Obstructive sleep apnoea-hypopnea syndrome (OSAHS) is a risk factor for asthma exacerbation. IH aggravates neutrophil inflammation in asthma via NLRP3/IL-1β-dependent pyroptosis mediated by the HIF-1α signalling pathway, which should be considered a potential therapeutic target for the treatment of asthma with OSAHS.
哮喘是一种常见的慢性炎症性气道疾病,间歇性缺氧越来越被认为是可能影响疾病进展的一个因素。本研究调查间歇性缺氧(IH)是否通过促进缺氧诱导因子-1α(HIF-1α)/核苷酸结合寡聚化结构域(NOD)样受体含吡咯结构域蛋白3(NLRP3)/白细胞介素(IL)-1β依赖性细胞焦亡和炎症反应来加重哮喘,并进一步阐明其中涉及的潜在分子机制。
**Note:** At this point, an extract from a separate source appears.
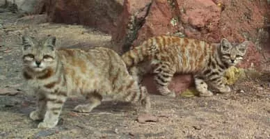 The Andean mountain cat is a small wild cat native to the high Andes that has been listed as Endangered on the IUCN Red List because fewer than 2,500 individuals are thought to exist in the wild. It was first described by Emilio Cornalia who named it in honour of Jacobita Mantegazza.

2022年1月至2022年12月期间,在华中科技大学同济医学院附属同济医院招募了49例经多导睡眠图诊断为重度支气管哮喘的患者,收集他们的一般资料和诱导痰。用IL-13处理BEAS-2B细胞并使其经历间歇性缺氧。还使用卵清蛋白(OVA)处理的小鼠模型来评估慢性间歇性缺氧(CIH)对哮喘的影响。在体内和体外评估细胞焦亡、炎症反应及相关信号通路。
在本研究中,随着呼吸暂停低通气指数(AHI)增加,未控制哮喘患者的比例增加。诱导痰中中性粒细胞比例以及IL-6、IL-8、HIF-1α和NLRP3水平与AHI相关。在IL-13加IH处理的BEAS-2B细胞和OVA/CIH小鼠肺中,由HIF-1α信号通路介导的NLRP3介导的细胞焦亡被激活。HIF-1α下调通过在体外和体内调节NLRP3/IL-1β途径显著减少肺细胞焦亡并改善中性粒细胞炎症。同样,用HIF-1α抑制剂LW6预处理可有效阻断中性粒细胞中炎性细胞因子的产生。此外,给予NLRP3激活剂尼日利亚菌素明显增加肺中性粒细胞炎症。
阻塞性睡眠呼吸暂停低通气综合征(OSAHS)是哮喘加重的一个危险因素。IH通过HIF-1α信号通路介导的NLRP3/IL-1β依赖性细胞焦亡加重哮喘中的中性粒细胞炎症,这应被视为治疗合并OSAHS哮喘的一个潜在治疗靶点。